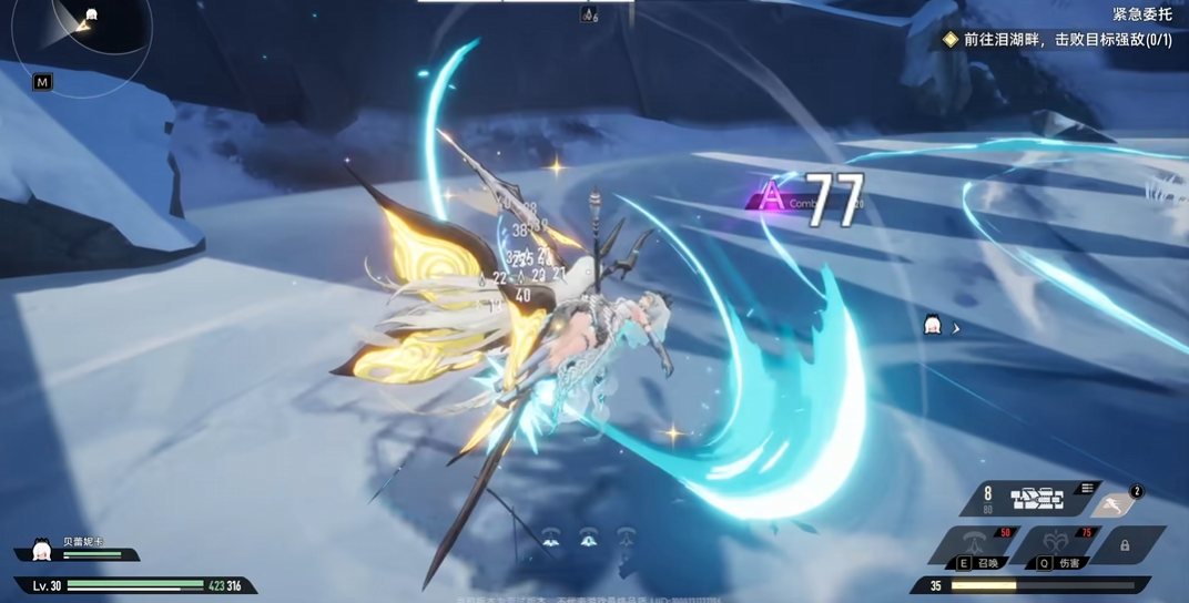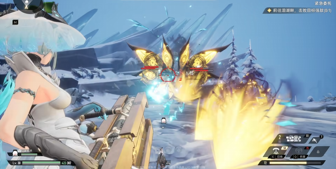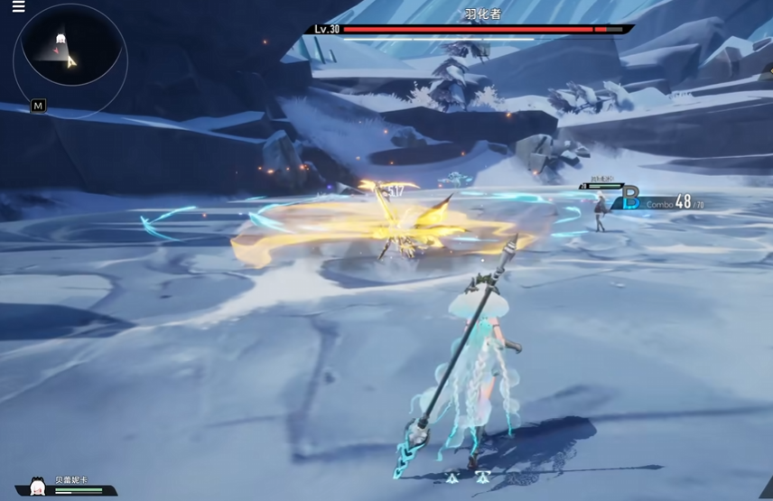 到了二阶段,boss基本都在空中,翅膀周围也有悬浮的金色光圈,这时候核心就在光圈,要集中精力攻击光圈,将所有光圈都击破,就能重创该敌人,此时她会落地,并进入较长时间的虚弱状态,此时就是输出最佳时机。
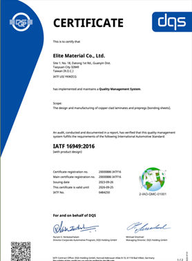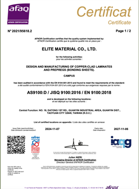 台光电子作为全球铜箔基板的领导者,台光电始终致力于提供卓越的产品品质,并将其视为企业运营的愿景之一。台光电严格遵循国际品质管理标准,且品质管理系统已获得ISO 9001、IATF 16949、AS 9100、QC 080000验证,并不断透过内部监控与改善机制以持续改善品质管理系统。
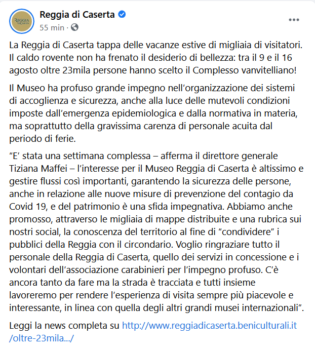 Questo il post pubblicato dalla pagina Facebook della Reggia di Caserta: "La Reggia di Caserta tappa delle vacanze estive di migliaia di visitatori. Il caldo rovente non ha frenato il desiderio di bellezza: tra il 9 e il 16 agosto oltre 23mila persone hanno scelto il Complesso vanvitelliano! Il Museo ha profuso grande impegno nell’organizzazione dei sistemi di accoglienza e sicurezza, anche alla luce - si legge - delle mutevoli condizioni imposte dall’emergenza epidemiologica e dalla normativa in materia, ma soprattutto della gravissima carenza di personale acuita dal periodo di ferie. “E’ stata una settimana complessa – afferma il direttore generale Tiziana Maffei – l’interesse per il Museo Reggia di Caserta è altissimo e gestire flussi così importanti, garantendo la sicurezza delle persone, anche in relazione alle nuove misure di prevenzione del contagio da Covid 19, e del patrimonio è una sfida impegnativa. Abbiamo anche promosso - dice ancora - attraverso le migliaia di mappe distribuite e una rubrica sui nostri social, la conoscenza del territorio al fine di “condividere” i pubblici della Reggia con il circondario. Voglio ringraziare tutto il personale della Reggia di Caserta, quello dei servizi in concessione e i volontari dell’associazione carabinieri per l’impegno profuso. C’è ancora tanto da fare - conclude - ma la strada è tracciata e tutti insieme lavoreremo per rendere l’esperienza di visita sempre più piacevole e interessante, in linea con quella degli altri grandi musei internazionali”. Leggi la news completa su CLICCA QUI".
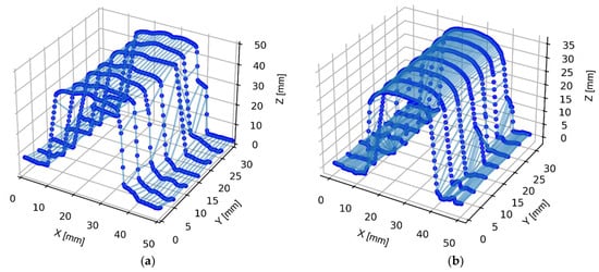 In this section, the results obtained in the fabrication of the multibead wall, either using a continuous oscillatory trajectory or a discrete bead overlapped trajectory, are shown and discussed. Figure 6 shows a three-dimensional reconstruction of layer 22 in a wall manufactured by two different welding strategies: overlapping (Figure 6a) and oscillating (Figure 6b). The wall is divided into layers, and layer 22 is shown in detail in the figure. In both (Figure 6a) and (Figure 6b), the layer appears to have a similar overall shape and structure. However, there are some differences in the distribution of material in the layer between the two strategies. In (Figure 6a), where the overlapping strategy was used, there appear to be more distinct regions of material deposition with three round shapes related to the three beads, showing higher peaks and deeper valleys. In contrast, in (Figure 6b), where the oscillating strategy was used, the regions of material deposition appear to be more spread out and less distinct, with smoother transitions between them.
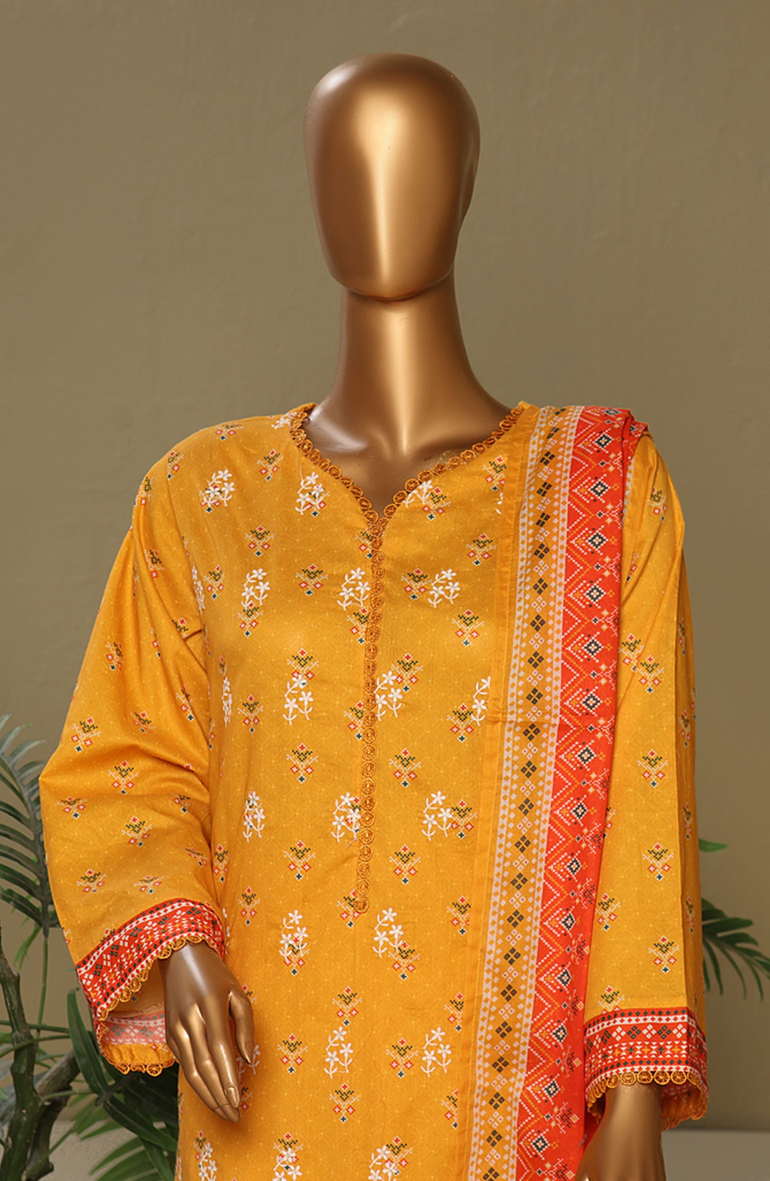 Home Bin Saeed Chikankari Lawn Stitched 3 Piece Suit - D-03 - BS25LC - Mustard - Summer Collection
* * * * * * *
What is being asked → Omit the pictures and output all remaining material exactly.

The answer →
 到了二阶段,boss基本都在空中,翅膀周围也有悬浮的金色光圈,这时候核心就在光圈,要集中精力攻击光圈,将所有光圈都击破,就能重创该敌人,此时她会落地,并进入较长时间的虚弱状态,此时就是输出最佳时机。
 台光电子作为全球铜箔基板的领导者,台光电始终致力于提供卓越的产品品质,并将其视为企业运营的愿景之一。台光电严格遵循国际品质管理标准,且品质管理系统已获得ISO 9001、IATF 16949、AS 9100、QC 080000验证,并不断透过内部监控与改善机制以持续改善品质管理系统。
 Questo il post pubblicato dalla pagina Facebook della Reggia di Caserta: "La Reggia di Caserta tappa delle vacanze estive di migliaia di visitatori. Il caldo rovente non ha frenato il desiderio di bellezza: tra il 9 e il 16 agosto oltre 23mila persone hanno scelto il Complesso vanvitelliano! Il Museo ha profuso grande impegno nell’organizzazione dei sistemi di accoglienza e sicurezza, anche alla luce - si legge - delle mutevoli condizioni imposte dall’emergenza epidemiologica e dalla normativa in materia, ma soprattutto della gravissima carenza di personale acuita dal periodo di ferie. “E’ stata una settimana complessa – afferma il direttore generale Tiziana Maffei – l’interesse per il Museo Reggia di Caserta è altissimo e gestire flussi così importanti, garantendo la sicurezza delle persone, anche in relazione alle nuove misure di prevenzione del contagio da Covid 19, e del patrimonio è una sfida impegnativa. Abbiamo anche promosso - dice ancora - attraverso le migliaia di mappe distribuite e una rubrica sui nostri social, la conoscenza del territorio al fine di “condividere” i pubblici della Reggia con il circondario. Voglio ringraziare tutto il personale della Reggia di Caserta, quello dei servizi in concessione e i volontari dell’associazione carabinieri per l’impegno profuso. C’è ancora tanto da fare - conclude - ma la strada è tracciata e tutti insieme lavoreremo per rendere l’esperienza di visita sempre più piacevole e interessante, in linea con quella degli altri grandi musei internazionali”. Leggi la news completa su CLICCA QUI".
 In this section, the results obtained in the fabrication of the multibead wall, either using a continuous oscillatory trajectory or a discrete bead overlapped trajectory, are shown and discussed. Figure 6 shows a three-dimensional reconstruction of layer 22 in a wall manufactured by two different welding strategies: overlapping (Figure 6a) and oscillating (Figure 6b). The wall is divided into layers, and layer 22 is shown in detail in the figure. In both (Figure 6a) and (Figure 6b), the layer appears to have a similar overall shape and structure. However, there are some differences in the distribution of material in the layer between the two strategies. In (Figure 6a), where the overlapping strategy was used, there appear to be more distinct regions of material deposition with three round shapes related to the three beads, showing higher peaks and deeper valleys. In contrast, in (Figure 6b), where the oscillating strategy was used, the regions of material deposition appear to be more spread out and less distinct, with smoother transitions between them.
 Home Bin Saeed Chikankari Lawn Stitched 3 Piece Suit - D-03 - BS25LC - Mustard - Summer Collection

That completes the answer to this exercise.